**How to complete this task:** Begin at the line below that has "2023.09.26_[더벨] '로봇 덕후'가". Stop after the line that has "Her har vi samlet", repeating each line exactly and leaving out the pictures.

Task input Block Start

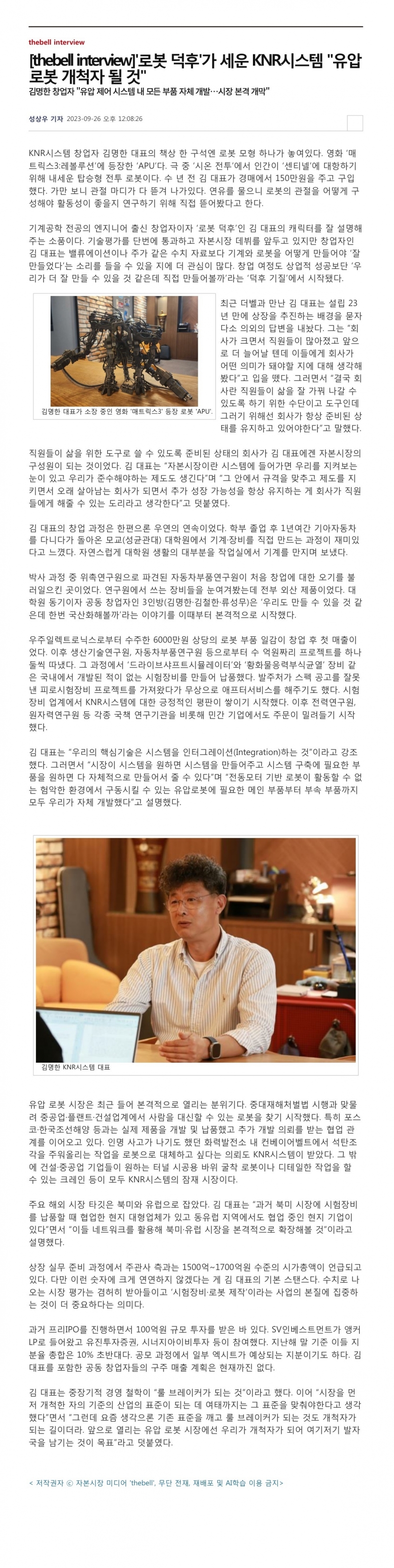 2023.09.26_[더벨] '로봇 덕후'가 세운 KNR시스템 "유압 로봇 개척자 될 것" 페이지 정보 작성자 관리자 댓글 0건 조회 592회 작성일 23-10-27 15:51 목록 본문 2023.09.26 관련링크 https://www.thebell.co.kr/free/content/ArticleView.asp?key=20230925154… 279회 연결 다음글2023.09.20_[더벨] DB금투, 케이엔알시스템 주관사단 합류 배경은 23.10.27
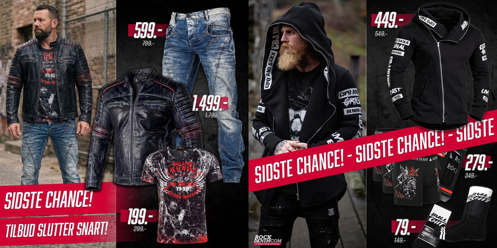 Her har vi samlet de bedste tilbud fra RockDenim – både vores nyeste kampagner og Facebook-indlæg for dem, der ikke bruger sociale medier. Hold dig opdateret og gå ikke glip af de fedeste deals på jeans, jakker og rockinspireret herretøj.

Task input Block End
Task input Block Start

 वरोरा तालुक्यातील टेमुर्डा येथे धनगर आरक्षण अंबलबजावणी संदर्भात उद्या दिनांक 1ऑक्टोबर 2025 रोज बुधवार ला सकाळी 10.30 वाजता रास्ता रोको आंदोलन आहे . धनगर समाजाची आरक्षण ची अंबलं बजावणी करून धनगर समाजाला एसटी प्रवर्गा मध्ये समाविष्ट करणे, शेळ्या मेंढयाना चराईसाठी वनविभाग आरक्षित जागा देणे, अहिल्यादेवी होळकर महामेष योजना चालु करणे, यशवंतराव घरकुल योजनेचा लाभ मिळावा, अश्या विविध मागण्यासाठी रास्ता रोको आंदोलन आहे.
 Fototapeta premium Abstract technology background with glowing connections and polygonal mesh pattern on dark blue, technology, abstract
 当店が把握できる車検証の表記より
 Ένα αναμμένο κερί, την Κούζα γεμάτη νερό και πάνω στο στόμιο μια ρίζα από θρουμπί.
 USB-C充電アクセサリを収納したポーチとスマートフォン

Task input Block End
Task input Block Start

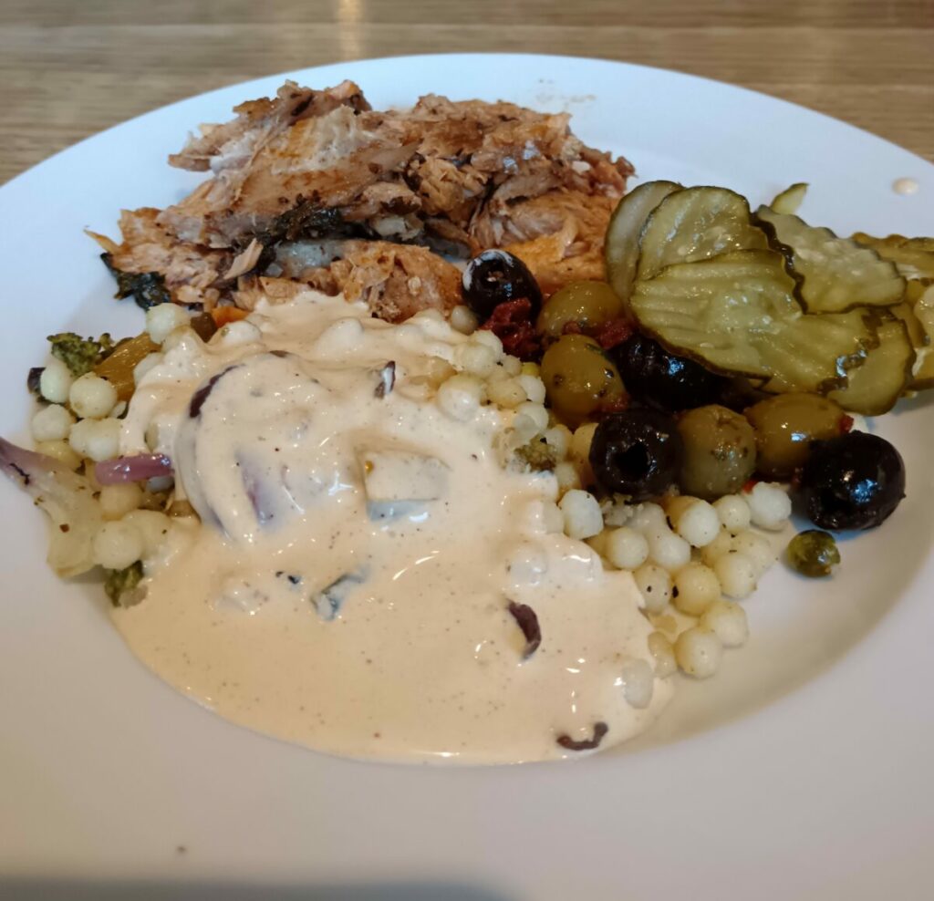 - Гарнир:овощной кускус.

Task input Block End

**Output for this exercise:**
 2023.09.26_[더벨] '로봇 덕후'가 세운 KNR시스템 "유압 로봇 개척자 될 것" 페이지 정보 작성자 관리자 댓글 0건 조회 592회 작성일 23-10-27 15:51 목록 본문 2023.09.26 관련링크 https://www.thebell.co.kr/free/content/ArticleView.asp?key=20230925154… 279회 연결 다음글2023.09.20_[더벨] DB금투, 케이엔알시스템 주관사단 합류 배경은 23.10.27
 Her har vi samlet de bedste tilbud fra RockDenim – både vores nyeste kampagner og Facebook-indlæg for dem, der ikke bruger sociale medier. Hold dig opdateret og gå ikke glip af de fedeste deals på jeans, jakker og rockinspireret herretøj.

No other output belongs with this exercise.